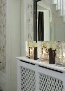 هناك أيضًا عدة خيارات لكيفية تجهيز المرآة برف في الردهة. لذلك ، إذا تم تركيب بطارية في غرفتك ، فيمكن تعليق مرآة الحائط فوقها. في هذه الحالة ، تحتاج إلى إغلاق المبرد بصندوق ، ثم يمكن استخدام الجزء العلوي كرف. يمكنك أيضًا استخدام الجزء العلوي من رف الأحذية كرف. إذا كانت غرفتك واسعة بما يكفي وكان هناك مكان فيها يشعر بالفراغ ، فيمكنك بسهولة أن تشغلها بمرآة مع رف..
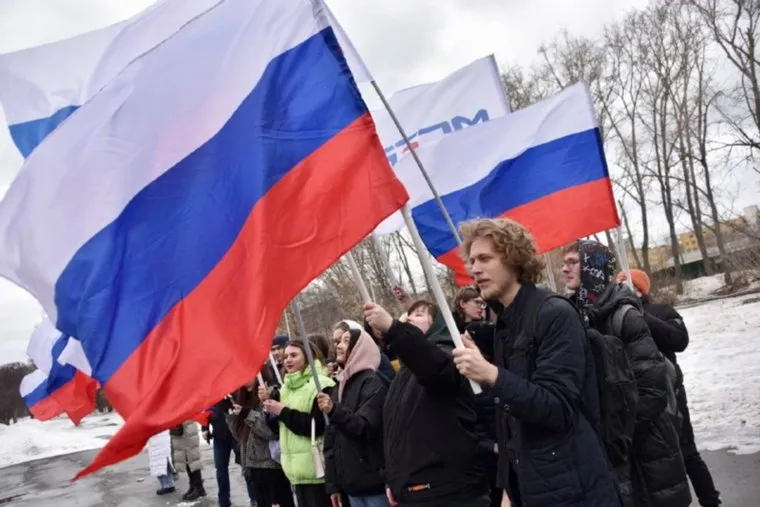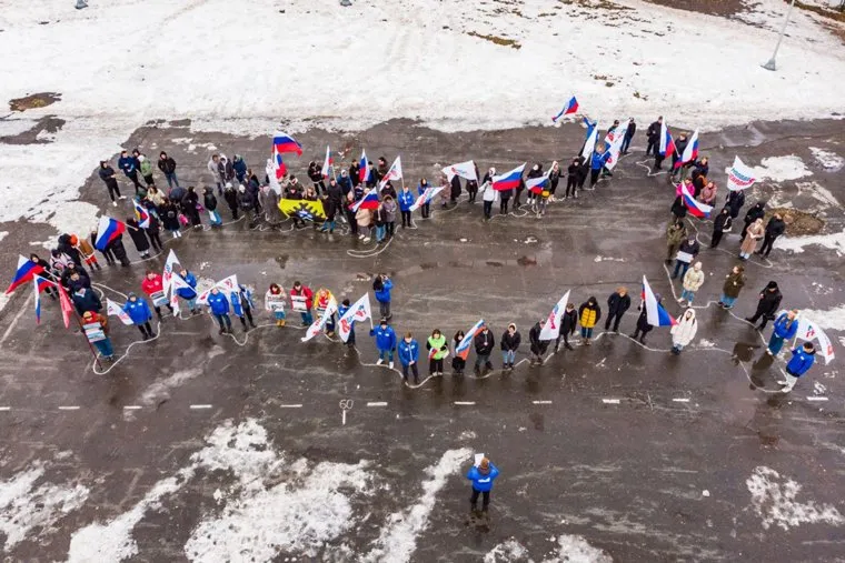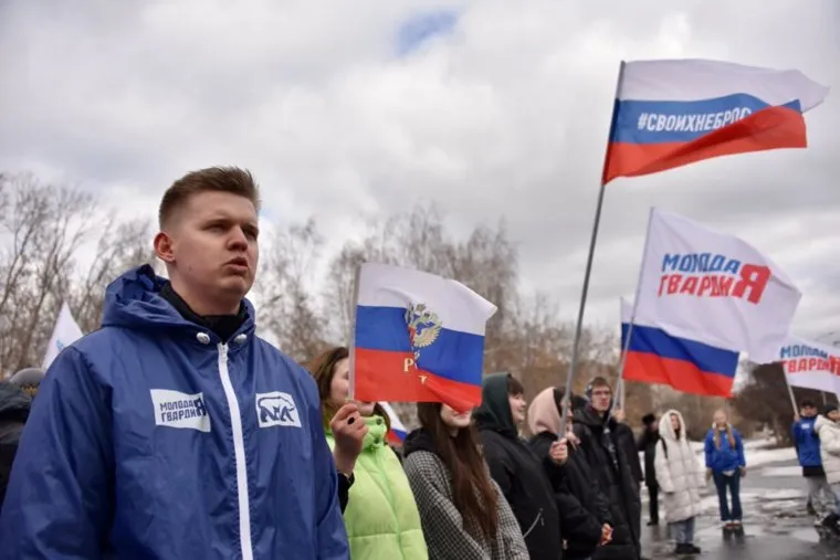 «Сегодня студенты и активисты отметили девятую годовщину воссоединения Крыма с Россией зрелищным митингом. Они выстроились в форме карты РФ, включающей ЛДНР, Херсонскую и Запорожскую области и исполнили российский гимн», — говорится в сообщении. От свердловского отделения «Молодой гвардии Единой России» в митинге участвовало 100 человек.
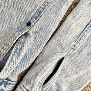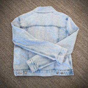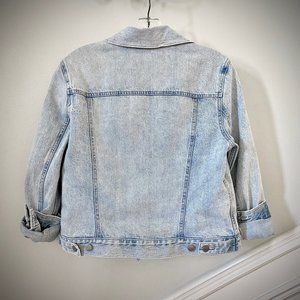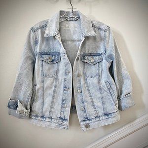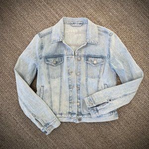 Classic denim jacket by Gap in a perfectly faded light wash. Functional breast pockets. Interior pockets. No holes, stains or tears. Only flaw is a missing rivet on the right sleeve seam as shown. 100% cotton. No stretch. Machine wash. Flat measurements: Bust = 18.5", Length from mid shoulder = 21", Sleeves from shoulder seam = 22".
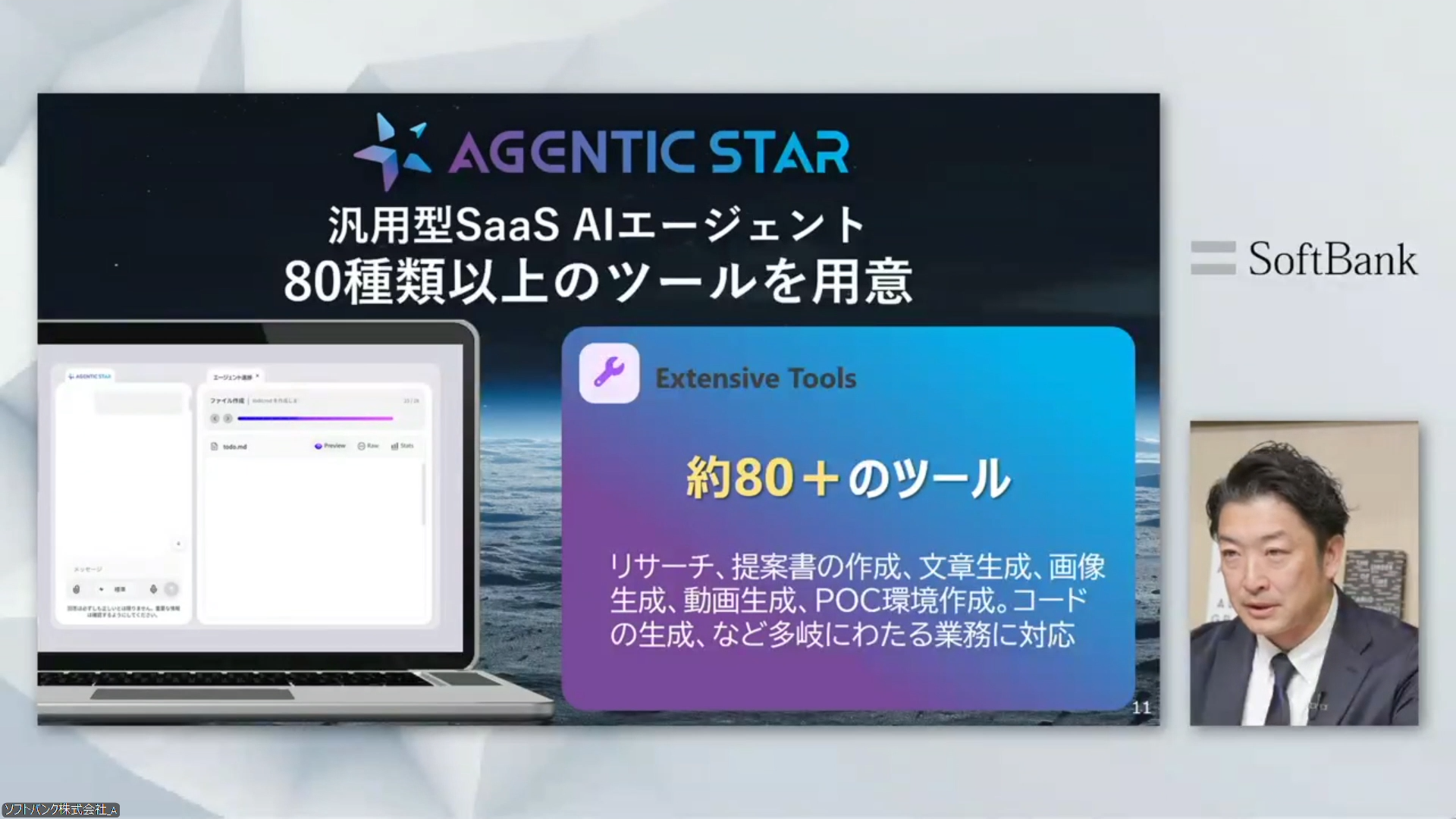 ソフトバンク、自律型AIエージェント基盤「AGENTIC STAR」提供開始 SaaSで業務自動化(8/19)
|---|
REQUIRED ACTION.
Return the lines above exactly; the images are not part of the copy.

PROBLEM SOLUTION.
 هناك أيضًا عدة خيارات لكيفية تجهيز المرآة برف في الردهة. لذلك ، إذا تم تركيب بطارية في غرفتك ، فيمكن تعليق مرآة الحائط فوقها. في هذه الحالة ، تحتاج إلى إغلاق المبرد بصندوق ، ثم يمكن استخدام الجزء العلوي كرف. يمكنك أيضًا استخدام الجزء العلوي من رف الأحذية كرف. إذا كانت غرفتك واسعة بما يكفي وكان هناك مكان فيها يشعر بالفراغ ، فيمكنك بسهولة أن تشغلها بمرآة مع رف..
 «Сегодня студенты и активисты отметили девятую годовщину воссоединения Крыма с Россией зрелищным митингом. Они выстроились в форме карты РФ, включающей ЛДНР, Херсонскую и Запорожскую области и исполнили российский гимн», — говорится в сообщении. От свердловского отделения «Молодой гвардии Единой России» в митинге участвовало 100 человек.
 Classic denim jacket by Gap in a perfectly faded light wash. Functional breast pockets. Interior pockets. No holes, stains or tears. Only flaw is a missing rivet on the right sleeve seam as shown. 100% cotton. No stretch. Machine wash. Flat measurements: Bust = 18.5", Length from mid shoulder = 21", Sleeves from shoulder seam = 22".
 ソフトバンク、自律型AIエージェント基盤「AGENTIC STAR」提供開始 SaaSで業務自動化(8/19)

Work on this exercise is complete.